Find the holomorphic function $f(z)=u+iv$ the most general 
Show that $v(x,y)=xy$ is a harmonic function (done) and find the
  holomorphic function $f(z)=u+iv$ the most general.

We know that if $f$ is holomorphic, than it must satisfy the Cauchy-Riemann equations. So $\frac{\partial u}{\partial x}=\frac{\partial v}{\partial y}=x$ and $\frac{\partial u}{\partial y}=-\frac{\partial v}{\partial x}=-y$, and I found the function $f(z)=(\frac{x^2}{2}+c)+ixy$. Am I right or I have to modify something?
 A: If $u_x(x,y) = x$, then $u(x,y) = \frac{x^2}{2}+h(y)$. Then $u_y(x,y) = h'(y) = -y$, whence $h(y) = -\frac{y^2}{2}+c$. So $u(x,y) = \frac{x^2-y^2}{2}+c$ and $$f(x,y) = \frac{x^2-y^2}{2}+c + ixy.$$The mistake was the following: when you integrated $u_x(x,y) = x$, the "constant" of integration is not actually a constant, but a function of the other variables. 

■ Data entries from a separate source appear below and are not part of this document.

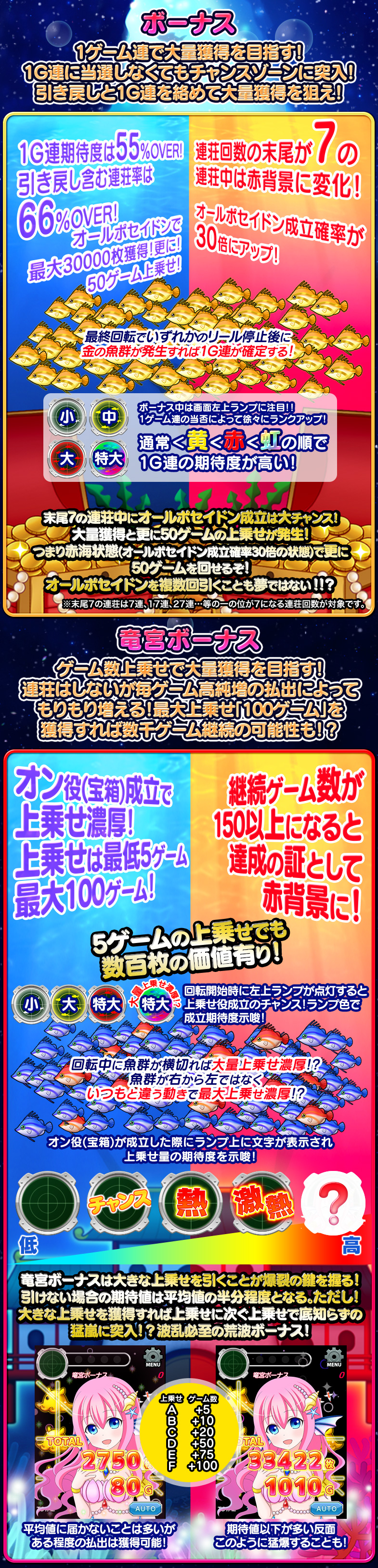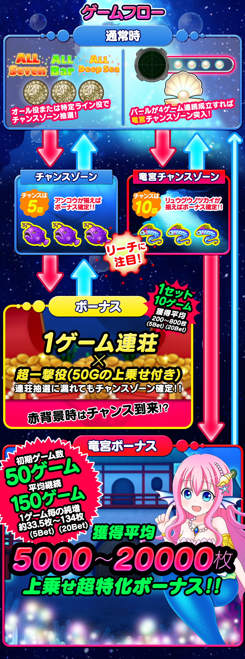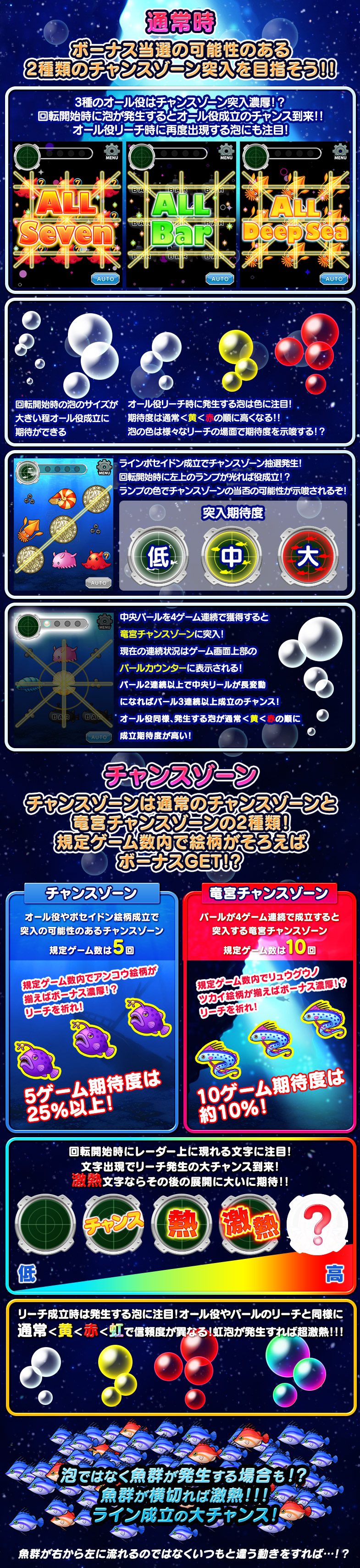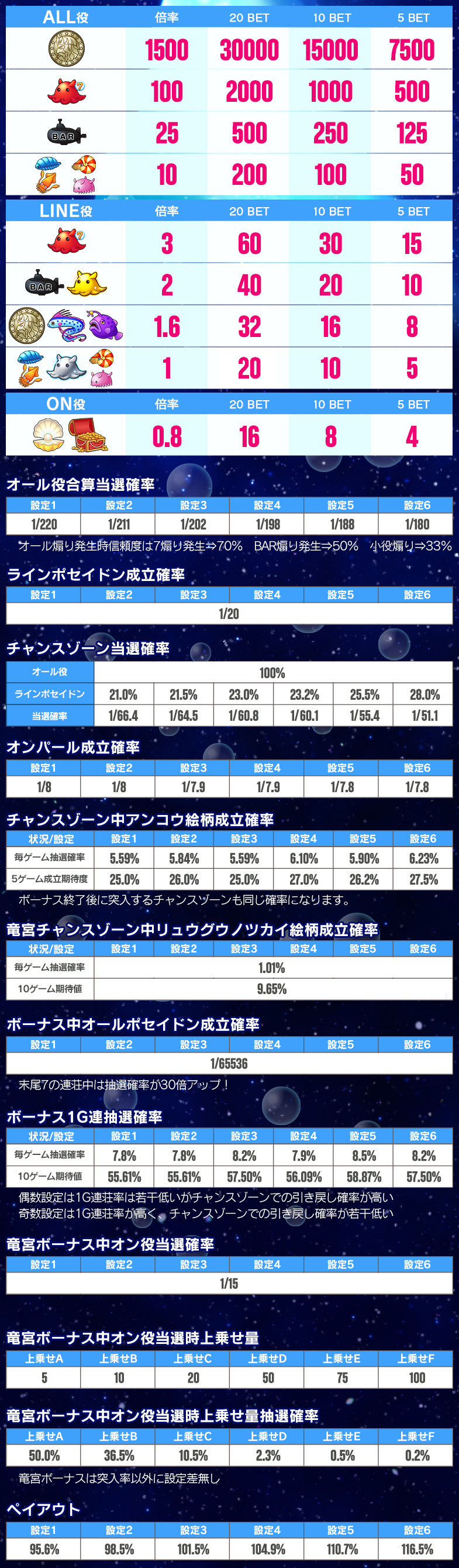 8ラインスロット「深海伝説」はMAXベット専用機です(MAXベットはバトルエリアの場合5ポイントのみとなります。トレジャーエリアの場合は5枚/10枚/20枚の3種類の台からお選び頂けます)。
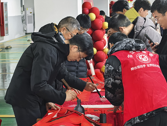 活動現場張燈結彩,年味十足。“翰墨迎春”送福區內,社區書法愛好者揮毫潑墨,將一副副春聯、一個個“福”字贈予鄰里,展現了社區成人美育的成果。隨后的“蛋糕送福”環節,社區負責人送上新年祝福,并與居民分享甜蜜蛋糕,傳遞團圓溫情。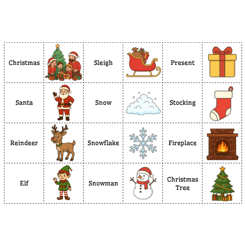 Tento bonusový materiál nabízí vánoční pexeso s anglickou slovní zásobou. Kartičky s obrázky a slovy žákům pomáhají přirozeně rozšiřovat slovní zásobu, trénovat výslovnost a hrát si s jazykem formou, která je vhodná pro všechny věkové kategorie.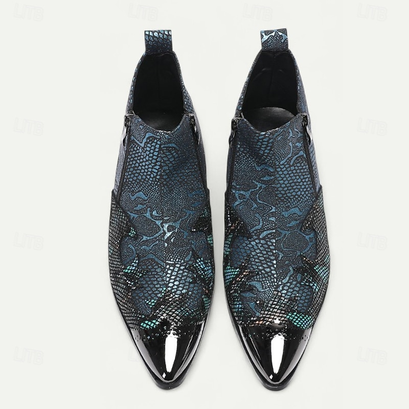 Men's Blue Snakeskin Pointed Toe Ankle Boots – Rock Star Cowhide Zip-Up Boots for Concerts, Festivals and Themed Occasions 6

Finally, note that for $c = 0$, we've found $f(z) = z^2/2$.
A: This question has been considered from the point of view of differential equations issued from Cauchy-Riemann conditions.
I would like to point out a geometrical aspect of the question.

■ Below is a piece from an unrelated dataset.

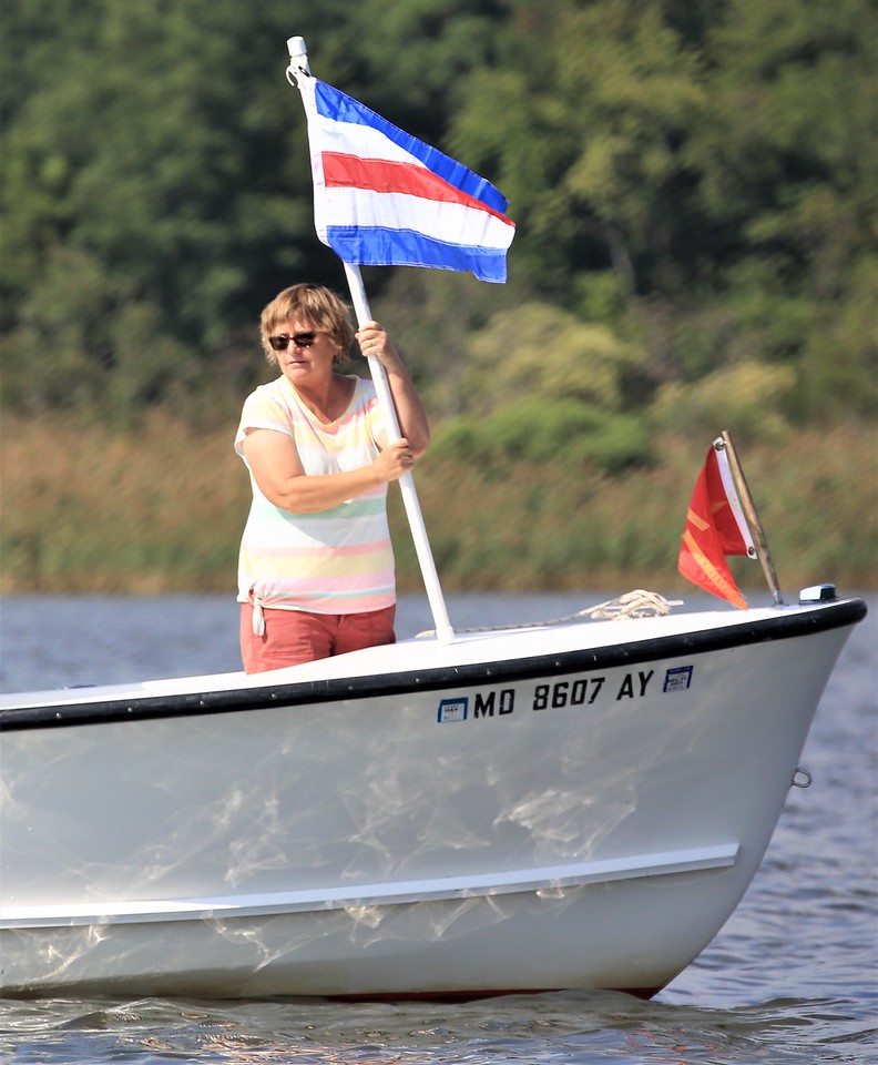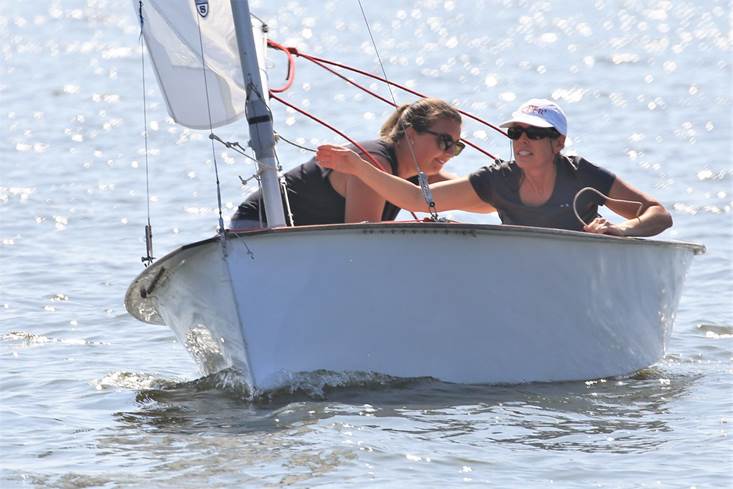 CRYC Commodore and longtime Penguin sailor Gail Owings signaling a change of course (photo by Will Keyworth)

First of all, I advise you to have a look at Fig. 7 (left) of the interesting lecture notes http://www.math.umn.edu/~olver/ln_/cml.pdf
The curves in red are $xy=$const., the curves in blue are $x^2-y^2=$ const., i.e., the level curves of your $u$ and $v$ (hyperbolas in both cases). These level curves are othogonal: this is a completely general property. 
If you go further in the lecture notes of Olver, you fill see how all this can be "seen" for example in terms of fluid dynamics, displying a kind of "duality" between the two conjugate functions $u$ and $v$.